Fixin' T&T's Kirk Waithe is a spirited defender of the police and an advocate of doubling salaries of police officers. While we agree on the need for a proper framework to ensure that taxpayers' money does yield some benefit, he has some very strange ideas about how recurrent expenditure to be incurred by such a commitment will be financed. He is of the view that improved security will foster greater economic activity and, that in itself, is an investment that will pay off. I agree that this is a desirable outcome but I don't think you need to be an economist to know that you cannot budget for an additional $250 million a year based on projected gains in the economy.

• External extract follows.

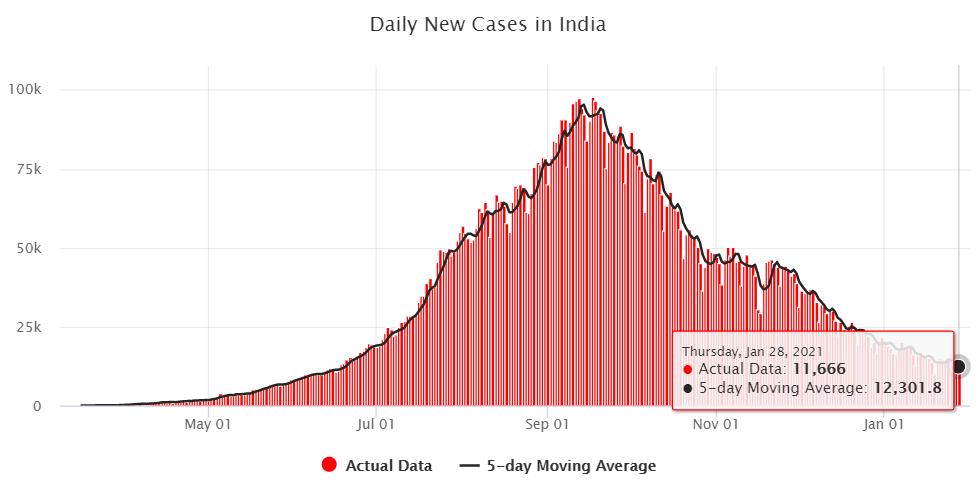 据印度卫生部当地时间28日早8时(北京时间10时30分)发布消息,印度24小时内新增新冠肺炎确诊病例11666例,累计确诊10701193例;新增死亡病例123例,累计死亡153847例;现存确诊病例减少2758例,降至173740例,累计治愈10373606例。

That sounds a lot like the strategy of that travel agency that got into trouble and a lot of people discovered that they had only purchased tickets to an angry refund cruise up to a locked office. A fundamental problem here is that the police and all of the la-bour unions in the country believe that the Government has the money in the Treasury and the Finance Minister is just being tight-fisted and vindictive. We have been running a deficit budget for the last three years, a fact acknowledged both by this administration and the previous government, yet for the sake of stoking the fires the former Minister in the Ministry of National Security tries to suggest that his administration had every intention of giving police officers up to 60 per cent in salary increases.
The previous government had also promised to pay Clico policyholders and I would like very much if someone in the opposition could come forward and outline exactly how a PNM Govern- ment was going to pay them the interest they are demanding. But then that is politics, a game in which the labour unions pretend to abhor, yet play into it at their convenience. Watson Duke is getting ready to put his body and the bodies of PSA members in the concrete foundation of the highway to Point, but everyone has already forgotten that the last government was going to fire every last public servant and have them try their luck at getting their jobs back. I just thought a dose of perspective here would be useful in a debate steered, for the most part, by blind emotion so far.